┌─ Exercise data

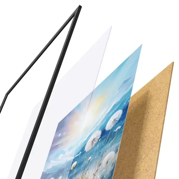 Plakat koosneb raamist, pleksiklaasist, trükitud pildist ja puitlaastplaadist alusplaadist. Tänu tagaküljel olevatele kinnitustele saab plakati kohe seinale riputada.
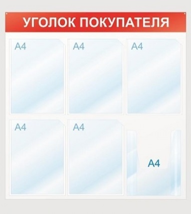 Ce modèle de stand d'information vous permet de placer 5 feuilles au format A4, et il existe également un département où vous pouvez placer des livrets d'information, dont la taille ne dépassera pas le format A4. Pour la fabrication du support, du plastique de 4 mm d'épaisseur a été utilisé et les poches étaient en plastique transparent d'une épaisseur de 0,5 mm. Pour le département, conçu pour accueillir les doublures, le fabricant a utilisé de l'acrylique. Son épaisseur est de 2 mm. Le "bouchon" du produit est en film, a un fond rouge et des lettres blanches.
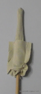 Detalhe de como virar os braços e as pernas, da extremidade fechada para a aberta usando o palito de madeira. O mesmo palito ajuda também a abrir a costura por dentro.
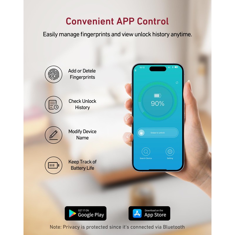 - Convenient App Operation: Simply connect with your phone APP and slide the screen to quickly unlock the gun safe with one click. You can check the remaining battery power in real-time, and you can also easily manage fingerprints, add/delete at will, and set up to 40 fingerprints. View the unlocking record of the user ID at any time to keep track of the unlocking situation. Administrator, unlocking, and connection passwords can also be easily changed to keep the pistol safe under your control

└─

## Aim of the exercise
Leaving the pictures aside, copy exactly and only the lines from the one holding "Detalhe de como" through the final line of the data, both ends kept.

## Response to this exercise
 Detalhe de como virar os braços e as pernas, da extremidade fechada para a aberta usando o palito de madeira. O mesmo palito ajuda também a abrir a costura por dentro.
 - Convenient App Operation: Simply connect with your phone APP and slide the screen to quickly unlock the gun safe with one click. You can check the remaining battery power in real-time, and you can also easily manage fingerprints, add/delete at will, and set up to 40 fingerprints. View the unlocking record of the user ID at any time to keep track of the unlocking situation. Administrator, unlocking, and connection passwords can also be easily changed to keep the pistol safe under your control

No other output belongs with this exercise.